鹿児島県薩摩半島沖約50キロにある海底火山「鬼界カルデラ」。神戸大学の研究グループが2年間にわたりこの火山について調査を行い、カルデラ内に巨大な溶岩ドームがあることを突き止めました。

溶岩ドームの全容解明へ

神戸大学の練習船「深江丸」が神戸を出航したのは去年10月18日。神戸大学ではおととしから3回にわたり、鹿児島県の薩摩半島沖にある海底火山「鬼界カルデラ」調査を行ってきました。

カルデラとは鍋のようなへこみのある土地のことで、その大きさは直径2キロ以上、阿蘇山はその代表的なものです。鬼界カルデラの場合、海底に鍋のような形をした窪地が広がっているのです。

そして今回の調査の目的は、直径約20キロにも及ぶ鬼界カルデラの中で発見された巨大なドーム状の溶岩の全容解明です。調査には水深2000メートルまで高感度カメラで探査できる水中ロボットや、音波で海底地形の構造を調べることできる最新鋭の機器などが投入され、世界でもあまり例がない海底溶岩ドームの実態に迫りました。

世界最大規模の溶岩ドーム

そして集められたデータをもとに、溶岩ドームの全容がCGで表現されました。その成果が権威あるイギリスの科学誌「ネイチャー」系のインターネット版に掲載されました。

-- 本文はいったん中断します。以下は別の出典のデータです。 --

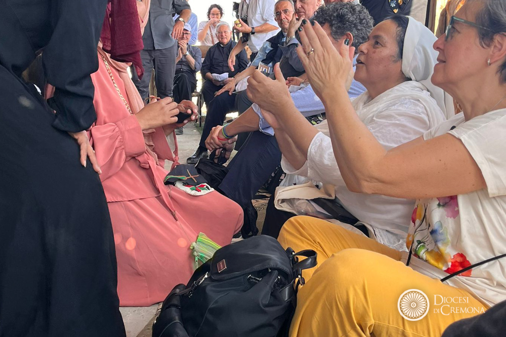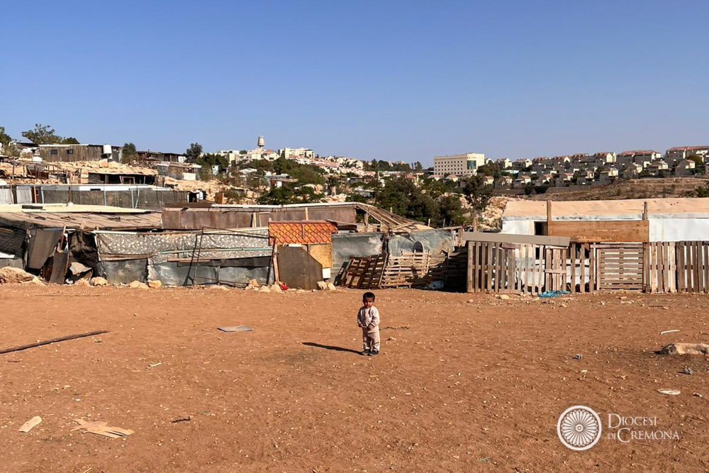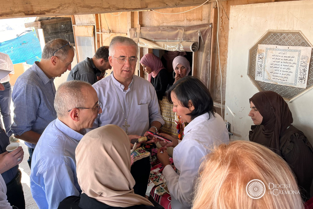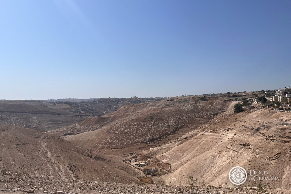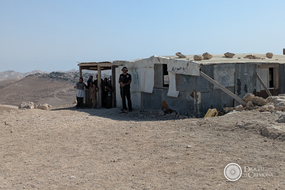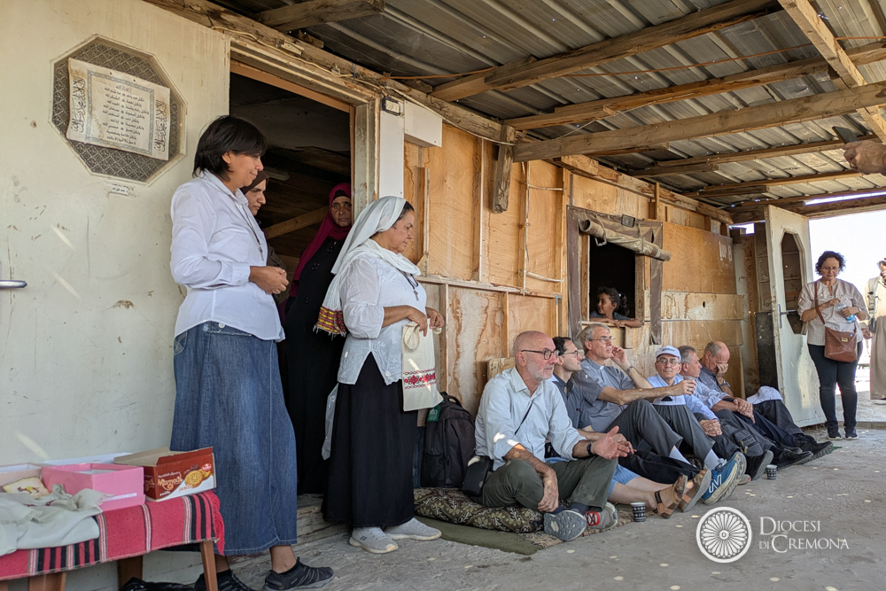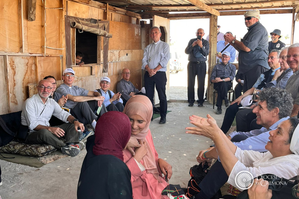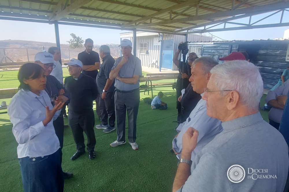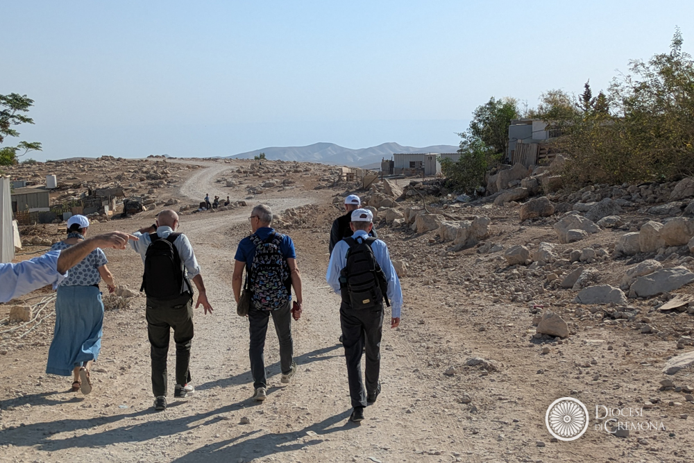 Martedì 28 ottobre, invece, la prima tappa era stata nel Deserto di Giuda, nel villaggio dei beduini di Jahalin, in Cisgiordania, a poche centinaia di metri in linea d’aria da Betania. L’occasione per l’incontro con le Suore Comboniane, il cui operato guarda in ai bambini più piccoli, dai 3 ai 5 anni, e le donne, come hanno raccontato suor Lourdes Garcia e suor Cecilia Sierra (presenti in loco con altri cinque consorelle), entrambe di origine messicana, che hanno accolto i vescovi lombardi in perfetto italiano, insieme al capo del villaggio, Jihan Frenhat. Una testimonianza mossa dalla passione per questa realtà destinata a scomparire secondo i progetti di sviluppo dell’insediamento che sovrasta la collina. Con il progetto «Fili di Pace» offrono un filo di speranza garantendo alle donne corsi di formazione: insegnano inglese, ebraico, qualche nozione di pronto soccorso, la fabbricazione del sapone con latte di capra e olio d’oliva, e soprattutto a cucire e a ricamare, per tenere viva la tradizione del ricamo palestinese, riconosciuto come patrimonio dell’umanità.

「本当に崖もシャープだし中の地形もシャープに残っていて、最初見たときはびっくりした、『なんちゅうこっちゃ』と思った。これくらいの解像度でできたのは世界で初めて」(神戸大学海洋底探査センター 巽好幸センター長(教授))

データをもとに詳細に画像化された巨大溶岩ドームの姿、2重になったカルデラの淵の中に大きく盛り上がった溶岩ドームがあります。

さらに地震波の調査でわかった断面図で見ると、中央の盛り上がった部分が溶岩ドーム。高さは約600メートル、直径約10キロメートルあり、体積は32立方キロメートル以上もあることがわかりました。世界で最大規模の大きさです。

「溶岩ドームだとするとものすごい量、体積でいうと30、40立方キロメートル、桜島の3倍くらいの火山がここに1個、カルデラができた後にできた」(神戸大学 巽好幸教授)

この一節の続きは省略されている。